** Opening DATASET RECORDS block **
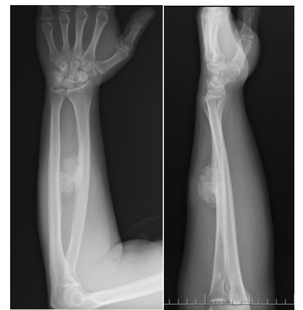
Figure I: Case 1, radius originated, irregular contoured mass lesion is seen on left forearm antero-postero-lateral direct radiography.

Marginal excision of the mas was performed. Histopathologic examination was compatible with periostitis ossificans. No recurrence or complication was seen at the follow-up for 36 months.
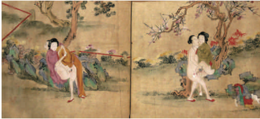
Figure 10. Chinese erotic album. Late-seventeenth century–first half of the eighteenth century. Painting on silk. 25.6 x 22 x 0.8 cm. Mito Tokugawa private collection.

books and works of Chinese art. Among these is an erotic album of paintings on silk (Figure 10) kept together with a note by Tokugawa Nariaki stating the provenance to the daimyo Tokugawa Harumori ( Bunkō sama o shina no yoshi 文公様お品のよし). With a history going back more than two thousand years, Chinese erotic art ( chūnhuà 春画) was well-known in Japan, where it had circulated in the form of sex manuals, medical texts, and illustrated handscrolls since the Nara 奈良 and Heian 平安 (710–1185) periods. The impact of these works on Japanese art is evident during the Edo period, which coincides with the late-Ming 明朝 (1368–1644) and early-Qing 清朝 (1644–1912) periods. 24
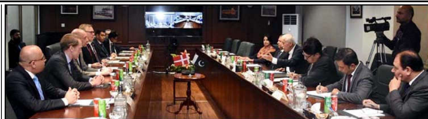
ISLAMABAD: Federal Minister for Maritime Affairs, Qaiser Ahmed Shaikh along with the officers of Ministry of Maritime Affairs in meeting with the senior officials of Danish Shipping Company Maersk Line in Islamabad.

He also highlighted the role of Pakistani expatriates settled in Denmark for strengthening bilateral ties and promoting commerce and cultural exchanges between both the countries.
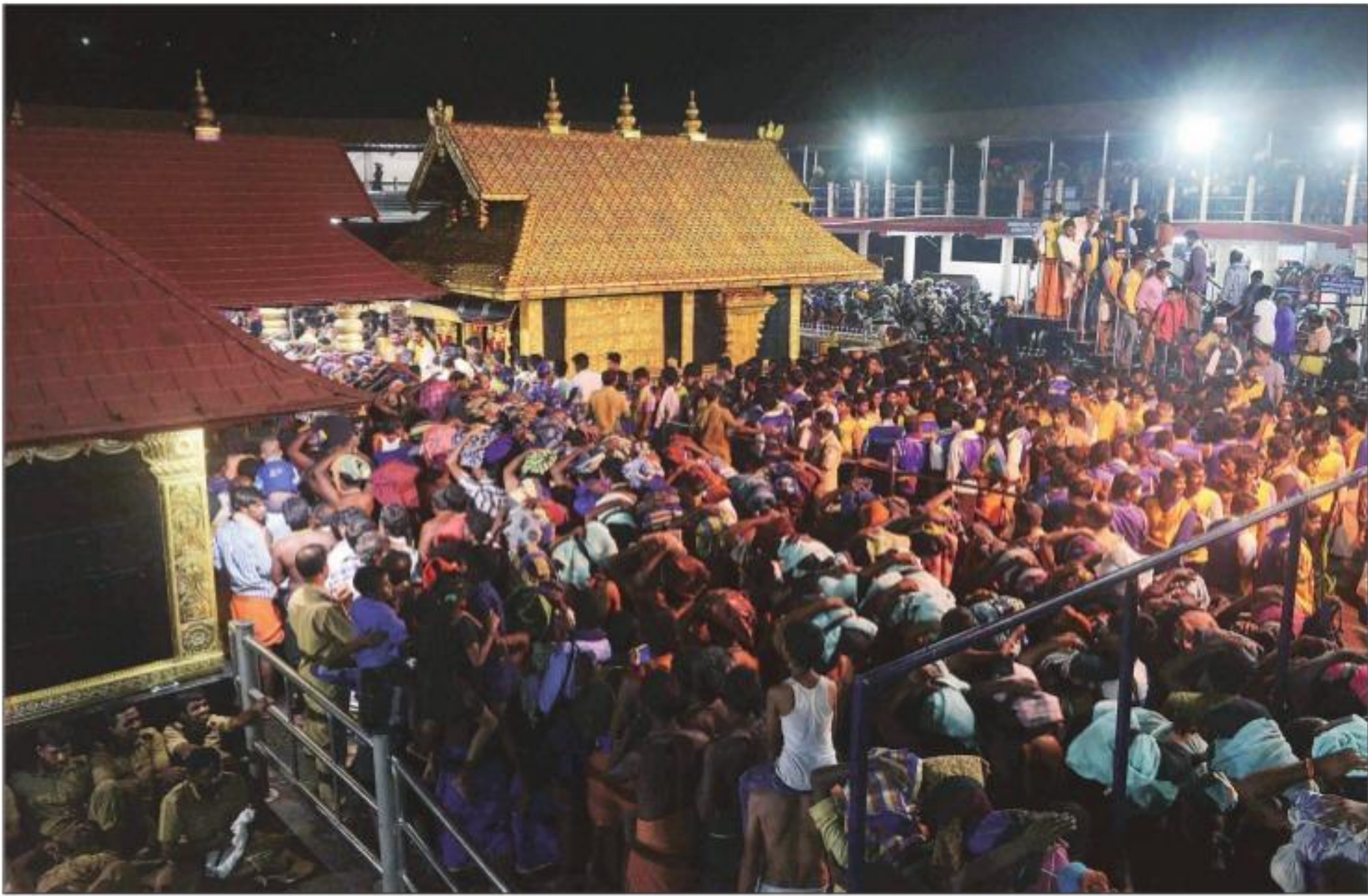
Devotees at the Sabarimala temple in 2016. This was before the Supreme Court lifted a ban on women of menstruating age from entering the temple.

What did the court say about recalibrating such decisions? CONSTITUTIONAL MORALITY: The court said ‘morality’ or ‘constitutional morality’ has not been defined in the Constitution. “Is it overarching morality in reference to preamble or limited to religious beliefs or faith? There is need to delineate the contours of that expression, lest it becomes subjective.” In the 2018 Sabarimala verdict, the majority opinion authored by then CJI Dipak Misra defined ‘morality’ in Article 25 to mean constitutional morality. Article 25 reads, “Subject to public order, morality and health and to the other provisions of this Part, all persons are equally entitled to freedom of conscience and the right freely to profess, practise and propagate religion”. Referring to Article 25(1), the 2018 judgment said: “We must remember that when there is a violation of the fundamental rights, the term ‘morality’ naturally implies constitutional morality and any view that is ultimately taken by the Constitutional Courts
** Closing DATASET RECORDS block **
REQUIREMENT | The records need to be restated word for word, minus any images.

OUTPUT OF THE EXERCISE |
Figure I: Case 1, radius originated, irregular contoured mass lesion is seen on left forearm antero-postero-lateral direct radiography.

Marginal excision of the mas was performed. Histopathologic examination was compatible with periostitis ossificans. No recurrence or complication was seen at the follow-up for 36 months.
Figure 10. Chinese erotic album. Late-seventeenth century–first half of the eighteenth century. Painting on silk. 25.6 x 22 x 0.8 cm. Mito Tokugawa private collection.

books and works of Chinese art. Among these is an erotic album of paintings on silk (Figure 10) kept together with a note by Tokugawa Nariaki stating the provenance to the daimyo Tokugawa Harumori ( Bunkō sama o shina no yoshi 文公様お品のよし). With a history going back more than two thousand years, Chinese erotic art ( chūnhuà 春画) was well-known in Japan, where it had circulated in the form of sex manuals, medical texts, and illustrated handscrolls since the Nara 奈良 and Heian 平安 (710–1185) periods. The impact of these works on Japanese art is evident during the Edo period, which coincides with the late-Ming 明朝 (1368–1644) and early-Qing 清朝 (1644–1912) periods. 24
ISLAMABAD: Federal Minister for Maritime Affairs, Qaiser Ahmed Shaikh along with the officers of Ministry of Maritime Affairs in meeting with the senior officials of Danish Shipping Company Maersk Line in Islamabad.

He also highlighted the role of Pakistani expatriates settled in Denmark for strengthening bilateral ties and promoting commerce and cultural exchanges between both the countries.
Devotees at the Sabarimala temple in 2016. This was before the Supreme Court lifted a ban on women of menstruating age from entering the temple.

What did the court say about recalibrating such decisions? CONSTITUTIONAL MORALITY: The court said ‘morality’ or ‘constitutional morality’ has not been defined in the Constitution. “Is it overarching morality in reference to preamble or limited to religious beliefs or faith? There is need to delineate the contours of that expression, lest it becomes subjective.” In the 2018 Sabarimala verdict, the majority opinion authored by then CJI Dipak Misra defined ‘morality’ in Article 25 to mean constitutional morality. Article 25 reads, “Subject to public order, morality and health and to the other provisions of this Part, all persons are equally entitled to freedom of conscience and the right freely to profess, practise and propagate religion”. Referring to Article 25(1), the 2018 judgment said: “We must remember that when there is a violation of the fundamental rights, the term ‘morality’ naturally implies constitutional morality and any view that is ultimately taken by the Constitutional Courts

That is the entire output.